The task:
Please transcribe only the lines that run from the line bearing "formularz mszy w" to the end of the entries, keeping both end lines. Skip the pictures.

Records from a data collection:
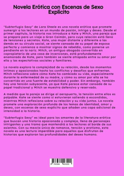 "Subterfugio Sexy" de Lara Steele es una novela erótica que promete sumergir a los lectores en un mundo de pasión, intriga y deseo. Desde el primer capítulo, la historia nos introduce a Kate y Mitch, una pareja que se prepara para un viaje a Gran Caimán, pero cuya relación está llena de tensiones y secretos. Kate, una mujer distante y diferente a las demás en su círculo social, se siente cansada de su papel de esposa perfecta y comienza a mostrar signos de rebeldía, como ponerse un pendiente en la nariz. Mitch, un antiguo abogado convertido en copropietario de una casa de inversiones, está profundamente enamorado de Kate, pero también se siente atrapado entre su amor por ella y las expectativas sociales y familiares.La novela explora la complejidad de su relación, desde los momentos íntimos y apasionados hasta los conflictos y desafíos que enfrentan. Mitch reflexiona sobre cómo Kate ha cambiado su vida, especialmente durante la enfermedad de su madre, y cómo su amor por ella se ha convertido en una fuente de estabilidad y poder. Sin embargo, también hay una tensión subyacente, ya que Kate parece estar cansada de su papel tradicional y Mitch se muestra defensivo y reservado.A medida que la pareja se dirige al aeropuerto, la tensión entre ellos es palpable. Kate se siente como si estuvieran saliendo a escondidas, mientras Mitch reflexiona sobre su relación y su vida juntos. La novela promete una exploración profunda de los temas de identidad, amor y deseo, con escenas de sexo explícito que añaden una capa adicional de intensidad a la historia."Subterfugio Sexy" es ideal para los amantes de la literatura erótica que buscan una historia apasionada y compleja, llena de personajes intrigantes y una trama que mantendrá a los lectores al borde de sus asientos. Con su mezcla única de romance, tensión y erotismo, esta novela es una lectura imperdible para aquellos que disfrutan de historias que exploran las profundidades del deseo humano.
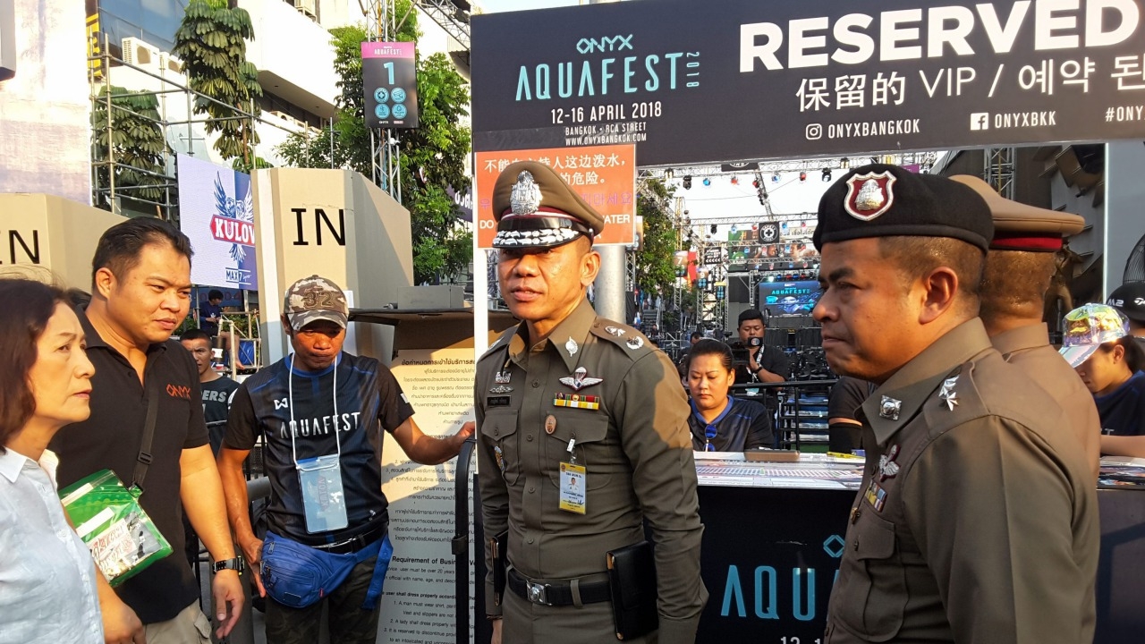 “สำหรับพื้นที่ 11 จุดทั่วกรุงเทพฯที่จัดให้มีการเล่นน้ำสงกรานต์นั้น ไม่พบคดีอุกฉกรรจ์และคดีอนาจาร รวมถึงการเต้นเปลือยกายก็ยังไม่พบ แต่มีคดีเกี่ยวกับทรัพย์ 24ราย ทำร้ายร่างกาย 6 ราย จำหน่ายแอลกอฮอล์ในจุดห้ามขาย 4ราย และก่อความเดือดร้อนรำคาญ 1ราย ภาพรวมปีนี้ บช.น. ควบคุมอาชญากรได้ดีกว่าปีก่อน ขณะที่พื้นที่อาร์ซีเอนั้น ตนเน้นย้ำให้ตำรวจผู้ปฎิบัติงานอดทนอดกลั้น ให้ใช้วาจาสุภาพเนื่องจากจุดนี้มีการจำหน่ายแอลกอฮอล์เพราะเป็นสถานบริการ จึงต้องคุยชี้แจงให้ผู้มาเล่นน้ำเข้าใจ โดยเตรียมกำลังตำรวจทั้งในและนอกเครื่องแบบไว้250นาย เน้นย้ำประชาชนเรื่องซองกันน้ำที่ใส่มือถือและเงินให้ดูแลดี ๆ เพราะมีมิจฉาชีพจะใช้คัตเตอร์และมีดแหลมตัดเชือกที่ซองได้ ทางตำรวจจะแจกซองที่เชือกเหนียวป้องกันการถูกกรีดได้” พล.ต.ต.ภาณุรัตน์ กล่าว.
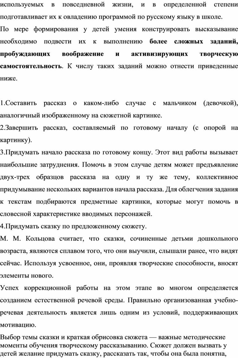 М. М. Кольцова считает, что сказки, сочиненные детьми дошкольного возраста, являются сплавом того, что они выучили, слышали ранее, что видят сейчас. Используя усвоенное, они, проявляя творческие способности, вносят элементы нового.
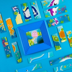 De progressieve puzzels CAROTINA Baby brengen kinderen spelplezier vanaf de allereerste stappen. Elk van de 8 puzzels heeft een verschillend aantal stukjes en verhoogt geleidelijk de moeilijkheid, zodat het kind vaardigheden op een natuurlijke manier ontwikkelt zonder frustratie. Thematische afbeeldingen uit de onderwaterwereld moedigen aan tot ontdekken en spelen.
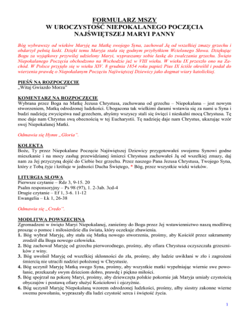 formularz mszy w uroczystość niepokalanego poczęcia najświętszej
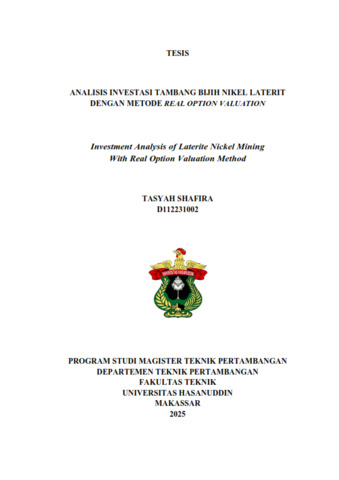 SHAFIRA, TASYAH (2025) ANALISIS INVESTASI TAMBANG BIJIH NIKEL LATERIT DENGAN METODE REAL OPTION VALUATION = Investment Analysis of Laterite Nickel Mining With Real Option Valuation Method. Thesis thesis, Universitas Hasanuddin.

Written solution:
 formularz mszy w uroczystość niepokalanego poczęcia najświętszej
 SHAFIRA, TASYAH (2025) ANALISIS INVESTASI TAMBANG BIJIH NIKEL LATERIT DENGAN METODE REAL OPTION VALUATION = Investment Analysis of Laterite Nickel Mining With Real Option Valuation Method. Thesis thesis, Universitas Hasanuddin.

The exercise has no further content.